La décision de la Cour de cassation du 3 janvier 1996 est certes justifiée mais n’en reste pas moins discutable. On peut en effet estimer que si la société est vue comme un professionnel vis-à-vis de son contrat d’approvisionnement d’eau au motif qu’elle utilise ce dernier pour mener à bien son activité professionnelle, le droit de la consommation ne lui étant pas invocable, elle n’en reste pas moins vulnérable. En l’espèce la société Tourrès et compagnie, Verreries de Graville a subi un fort incendie et n’a pu le combattre pour cause d’interruption d’alimentation de l’eau dans ses locaux, et n’a, à ce titre, bénéficié d’aucune protection de la part de la justice.
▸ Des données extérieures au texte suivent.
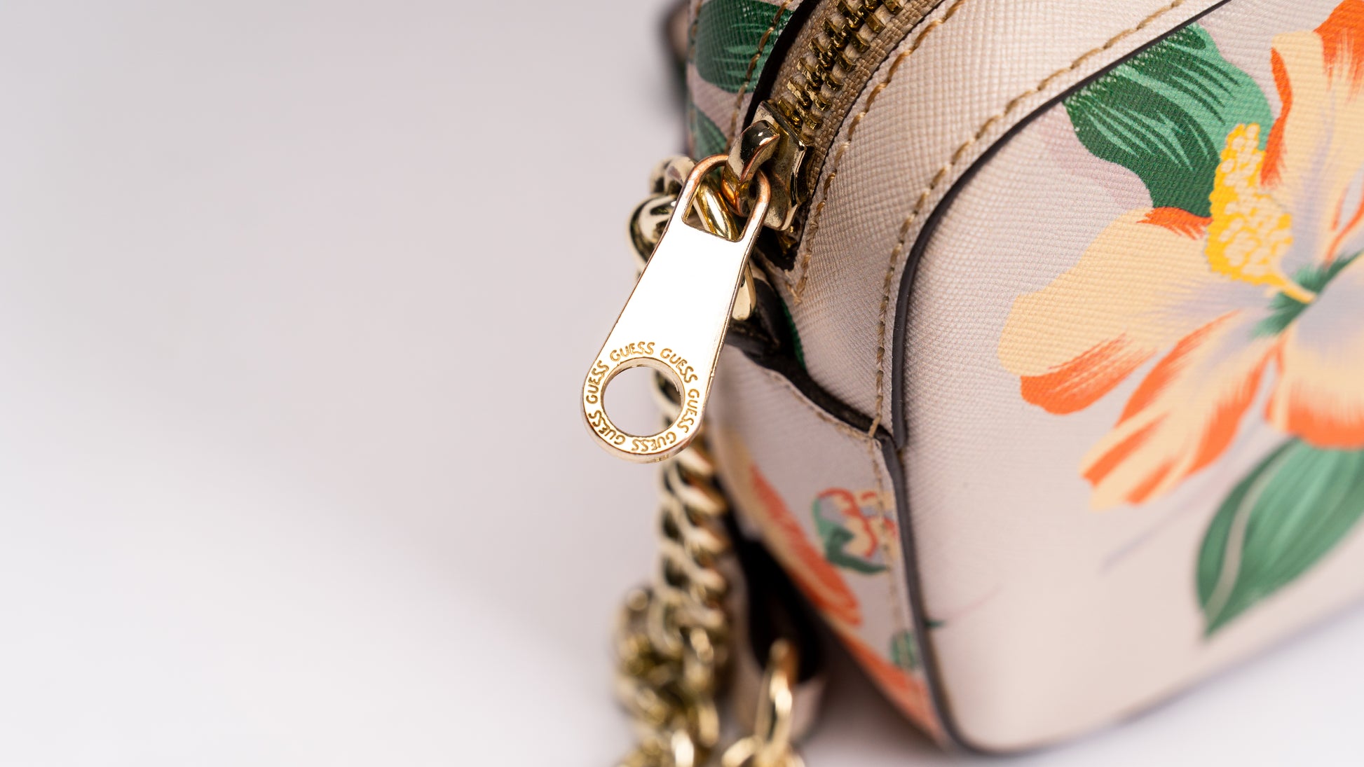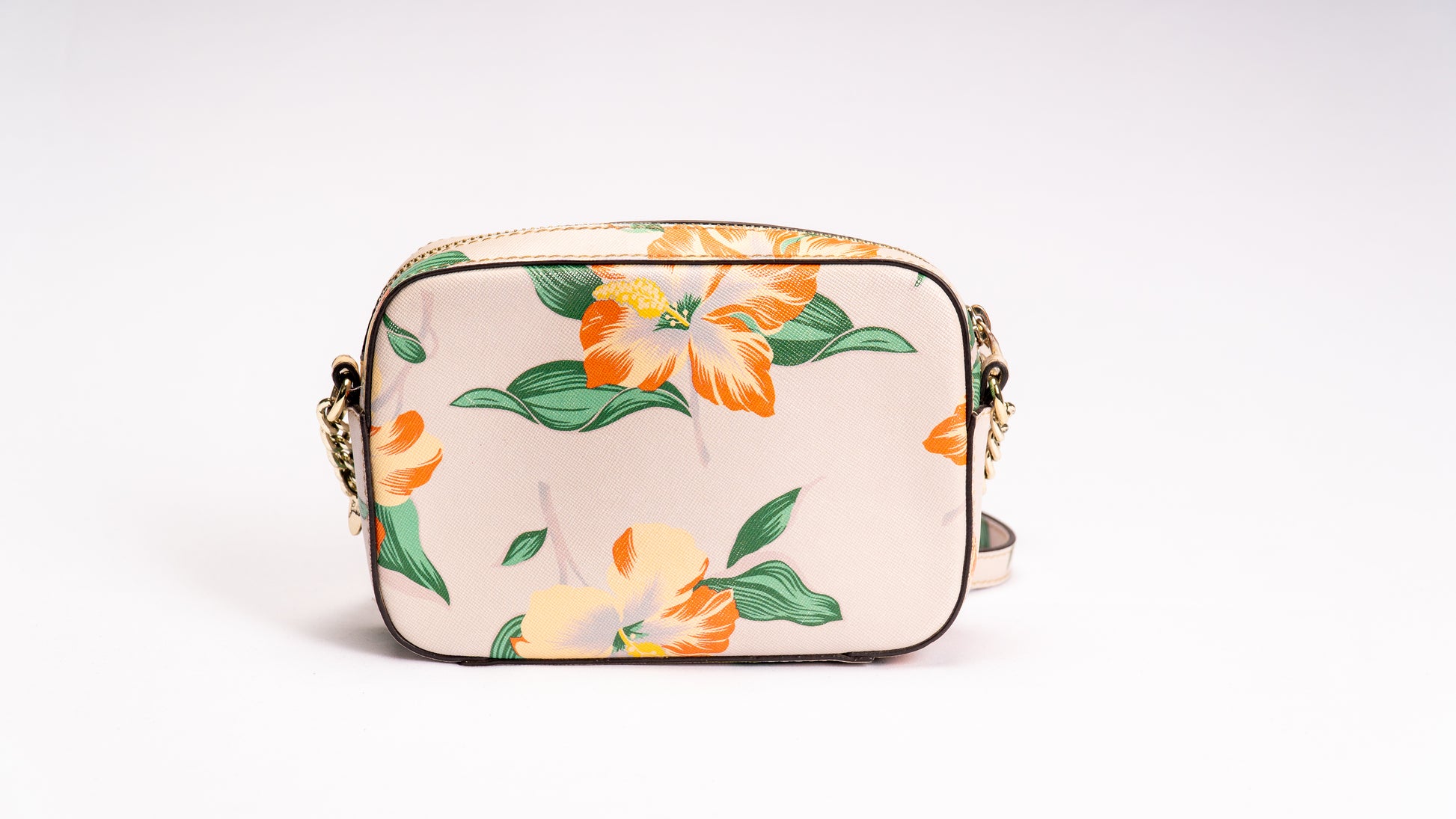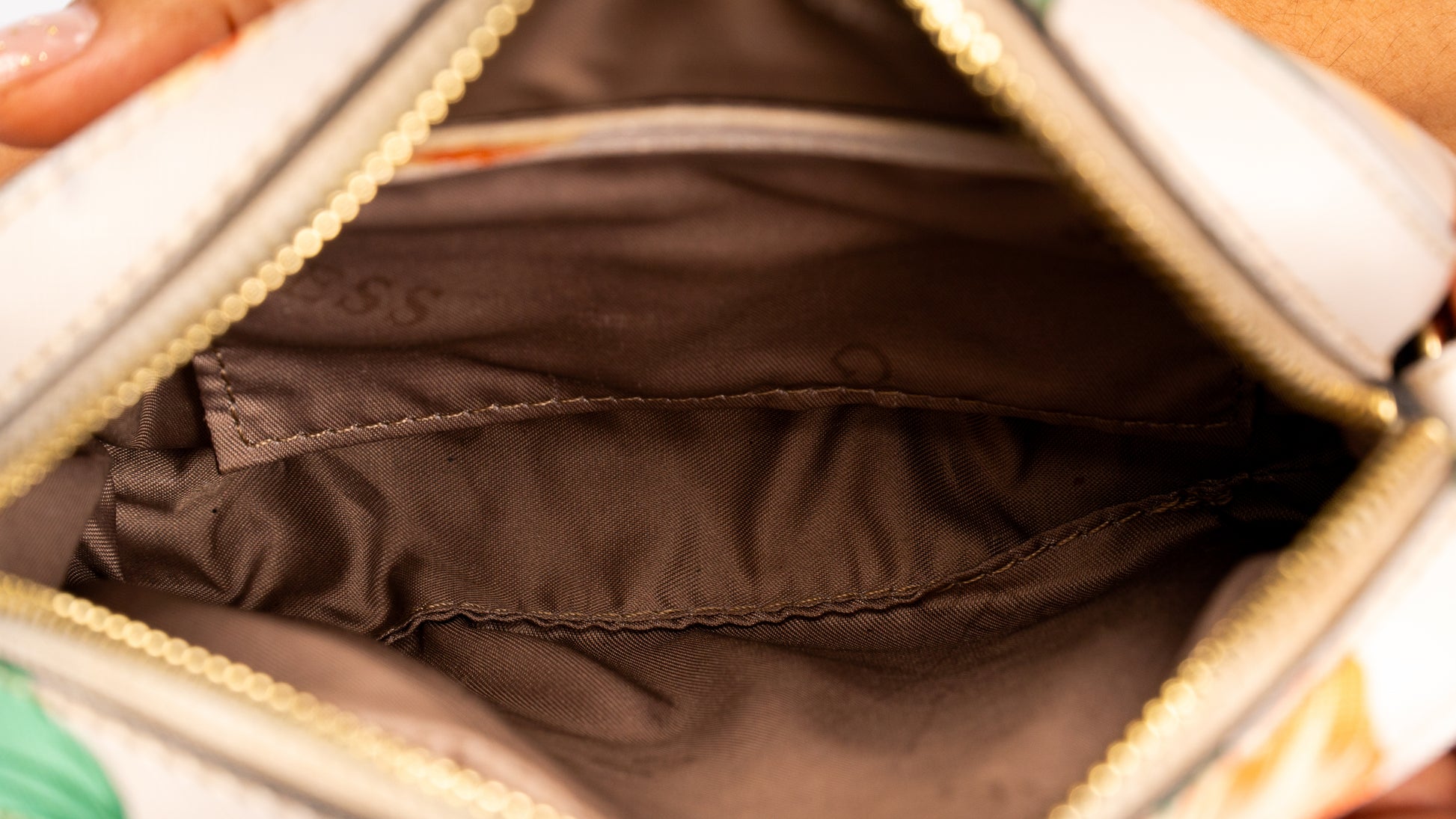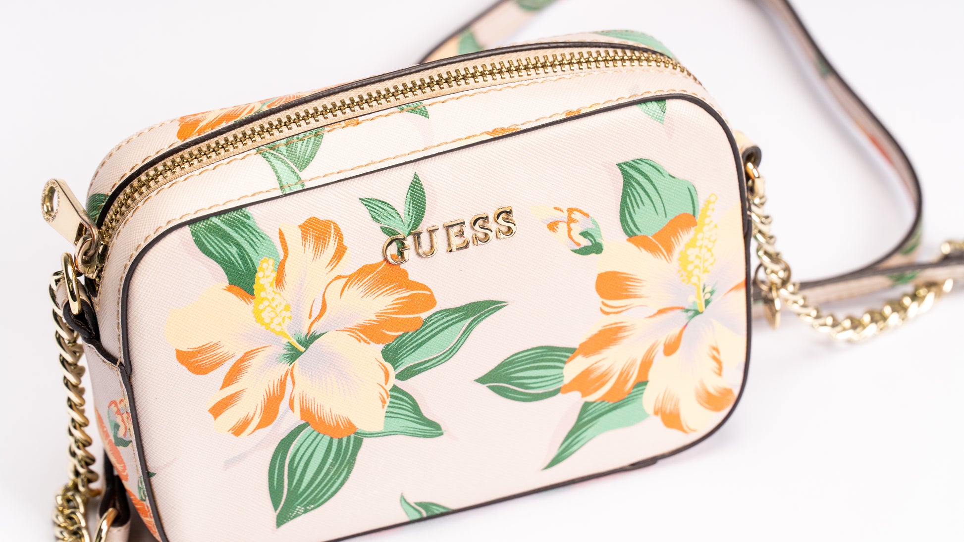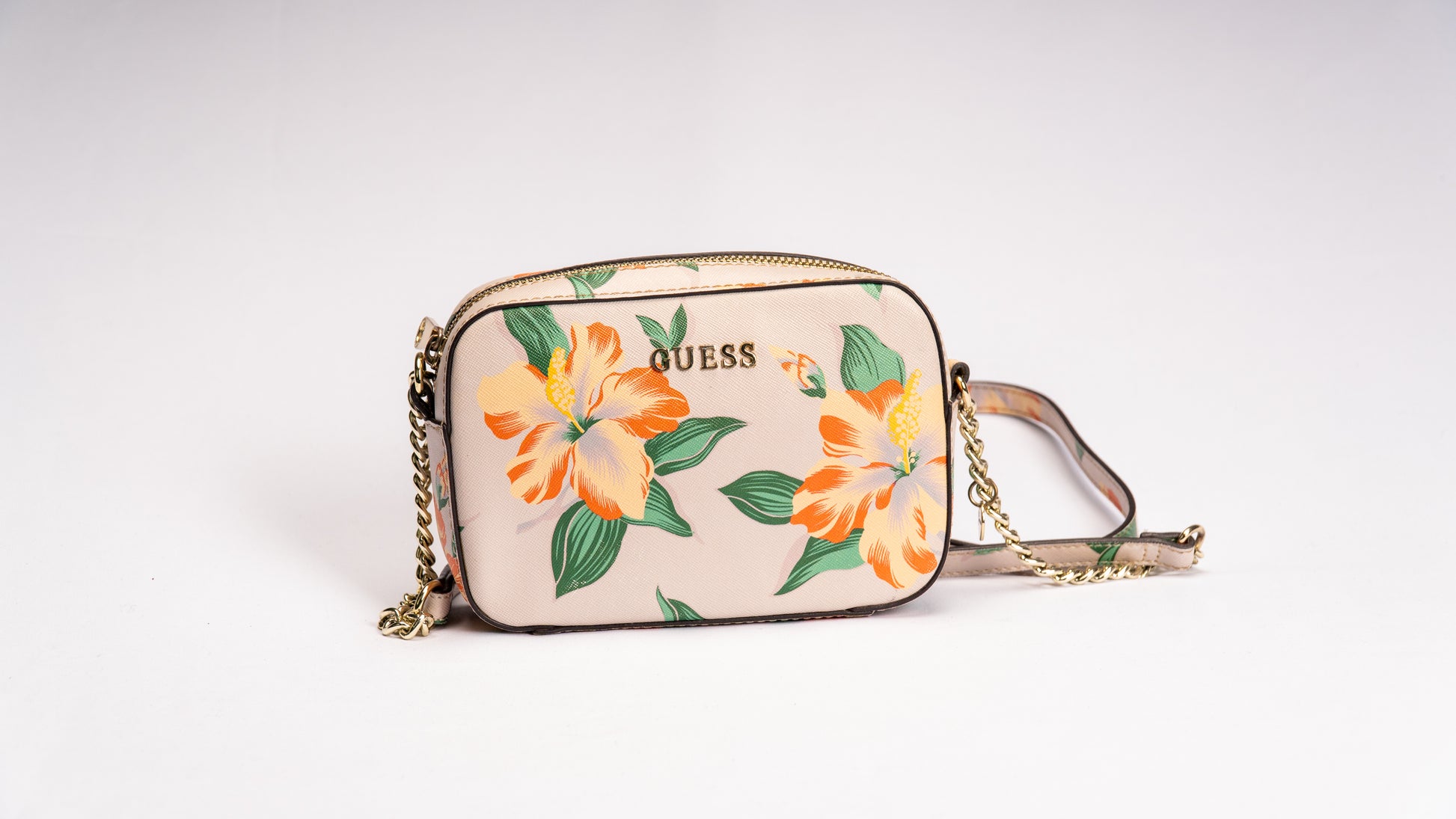 Mala tiracolo Guess, em padrão floral, com fecho éclair metálico dourado e corrente metálica.

Avoir une vision restrictive limitée à l’opposition entre « professionnel » et « consommateur » pourrait être source de préjudice. L’idée de base étant de protéger la partie faible d’un déséquilibre de puissance économique, on pourrait étendre ce principe à la vie professionnel. En adoptant une vision plus large, toutes les entreprises n’ont pas la même influence ni la même puissance économique. Prétendre qu’une société à faible activité entrant sur le marché a la même puissance économique qu’une multinationale serait quelque peu démesuré. Cette dernière pourrait très bien imposer à la nouvelle société des clauses abusives dans un contrat à première vue attractif économiquement parlant, cette dernière s’en trouverait en position de faiblesse et ne pourrait s’en voir protégée au motif qu’elle serait professionnelle.